Unity + Procreation = Healthy, Holy Marriage

LIFE-GIVING LOVE: EMBRACING GOD'S BEAUTIFUL DESIGN FOR MARRIAGE by Kimberly HahnCharis, 2002 375 pages, $13.99 Available in online and retail bookstores or call (800) 486-8505

The bond between the procreative and unitive dimensions of sexual intercourse, a nexus established by God, should not be broken by man. That is Catholic teaching. That is the teaching of Humanae Vitae. And that is the theme of Kimberly Hahn's Life-Giving Love— a fresh, upbeat, positive, Catholic and welcome addition to the ample literature already out there on the subject.

What's so special about Hahn's work? After all, she's saying what the Church says, what Pope John Paul II has reiterated so often. But she says it in a way that even the Pope cannot. She says it as a mother, as a woman who's given birth to six children and lost three others. She says it as a former Presbyterian who found the Church because of Humanae Vitae. And she says it through the words of literally hundreds of other people who have shared their testimonies, their joys or sorrows, for having cherished or spurned God's gift of life-giving love.

This is no dry theological tome tracing the evolution of the Church's teaching about the inseparability of procreation and unity in sex. This is the testimony of a woman facing a Cesarean section. The poignant poetry of another woman who mis-carried.
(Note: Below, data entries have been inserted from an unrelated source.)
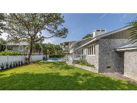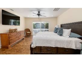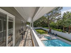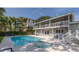 Spend 4 nights in this 4 bedroom, 4 bath home with an oversized yard, a large swimming pool, spacious indoor living spaces, and is only one home away from beach access. The home sleeps 8 and is the perfect place for the whole family to relax and play! The oversized privately fenced back yard offers plenty of space for entertaining, lounging, and play area for the kids.
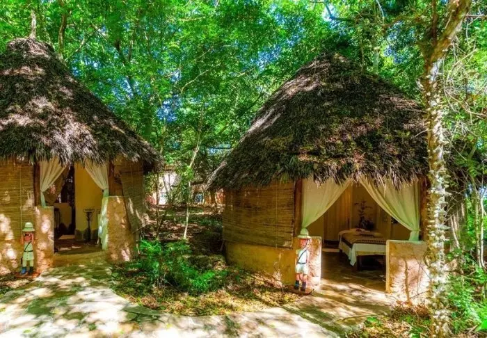 Die Lodge bietet 80 Luxushütten für je 2 Personen, die alle mit Doppelbett und Badezimmer ausgestattet sind. Die Zimmer sind modern und komfortabel eingerichtet. Sie wurden aus Naturmaterialien wie Gummibaum, Felsen aus der Umgebung und Schiefer erbaut.
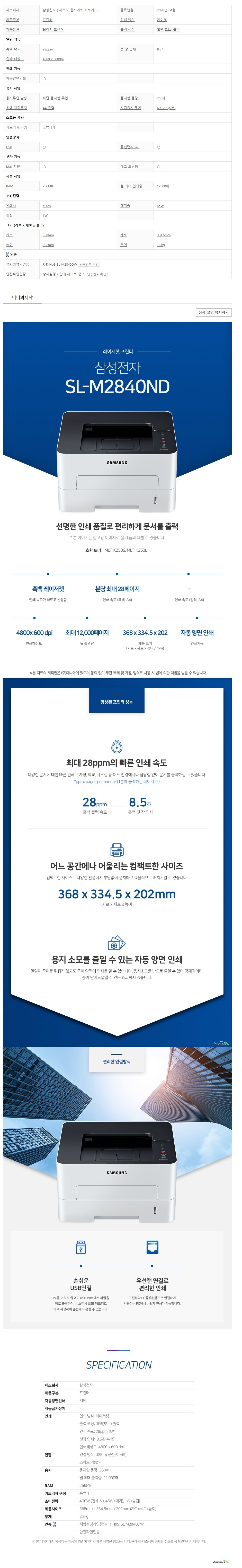 HOME > 전체상품 > 삼성 SL-M2840ND 흑백 레이져프린터 네트웍 양면 토너포함

The story of another couple who raised a little girl handicapped by microcephaly.

Hahn always remains both faithful to Catholic teaching and intellectually honest. She faces the criticisms — and brings them down. She runs the whole gauntlet of objections: life and health considerations, fears of having a disabled kid, claims of being too young/-old/recently married/emotionally limited/afraid/poor. She answers them in ways that buoy both confidence and faith. Her appendix, “Ministry to Moms,” rife with practical suggestions about how to help mothers, is the spiritual and corporal works of mercy applied to everyday life.
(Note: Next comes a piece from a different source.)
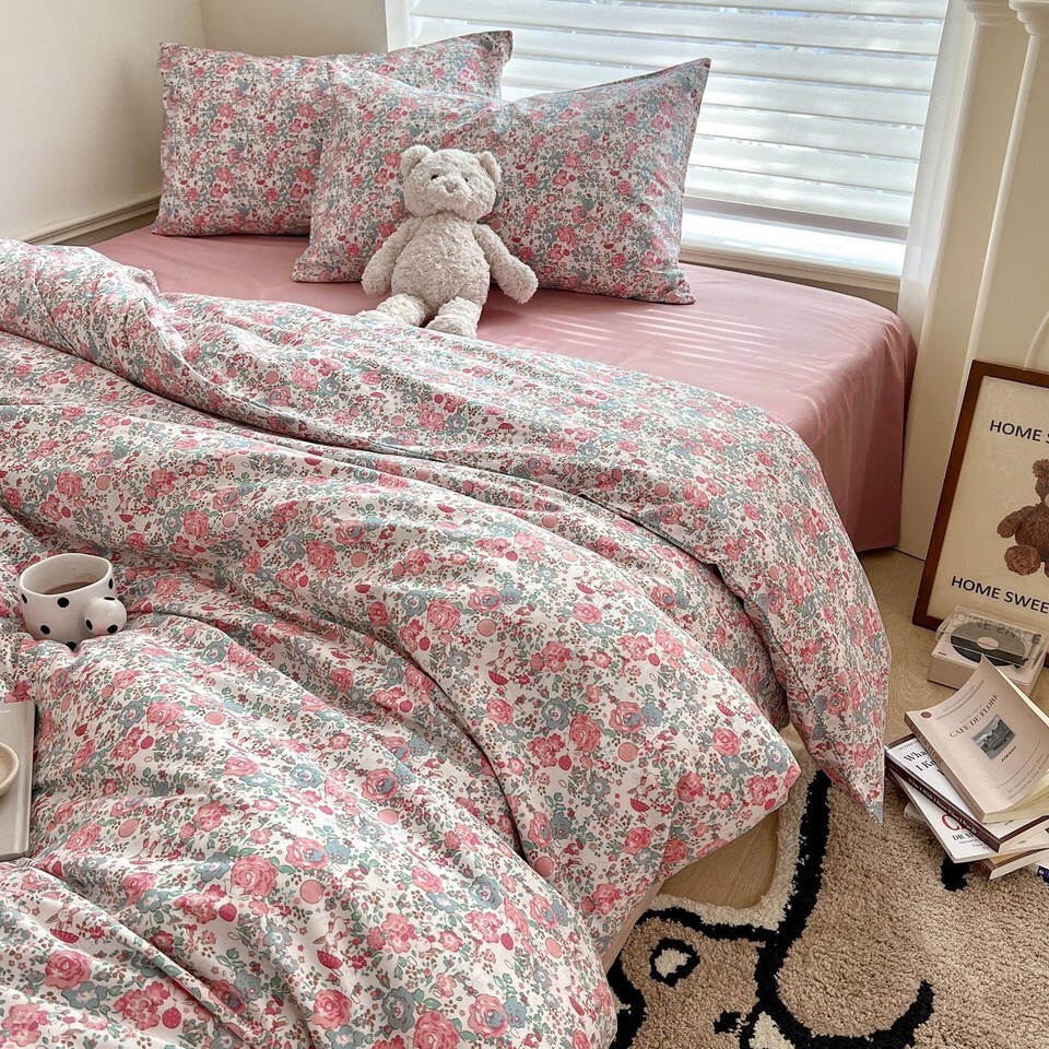 HighBuy Queen Pink Floral Rabbit Comforter Set Soft Bedding

“According to some claims, raising a child is very expensive,” she writes. “The caption for one health insurance company ad picturing a newborn read like this: ‘Three years of dancing lessons. Eight years of piano. It all adds up. Today, it costs $224,800 to raise your child to college age. And that's assuming she's going to like her nose.’ $224,800? Who calculated that amount? ‘Like her nose?’ Are they implying that caring for children's needs may include plastic surgery? … How sad to select between designer clothes for two children or sharing clothes and being able to afford a third child. What poverty to value things over people!”

Throughout, Hahn shows an impressive flair with words, cutting to the quick and illuminating timeless truths with contemporary lights. “On one of her early trips to the United States,” she writes, “Mother Teresa of Calcutta picked up a little child and was overheard saying, ‘Why are they so afraid of you?’ Or to put it in the words of the comic strip Cathy, ‘My generation has to decide whether to have a child or to be one.’”

Hahn discusses contraception, the value of every child, the relation of the communion of persons in marriage and the Eucharist, natural family planning (NFP), miscarriage and stillbirth, infertility, and sterilization (including the possibility of reversal). Her chapter on resources for each of these subjects is rich.

There's only one bone I would pick with this work. Hahn thinks that if a couple uses NFP with a “contraceptive mentality,” such behavior is wrong but remains a venial sin. I believe that, sometimes, a contraceptive mentality can so infect even NFP that a person acting with such intentions can sin gravely.

This won't stop me from recommending this book enthusiastically. Catholic couples: Get this book and learn to value your vocation as “life-giving lovers and life-loving givers.” Priests: You need this book as a resource for counseling, preaching and teaching. Mothers and fathers of engaged progeny: This could be the most important gift you'll give your future grandchildren.

John M. Grondelski, a moral theologian, writes from Warsaw, Poland.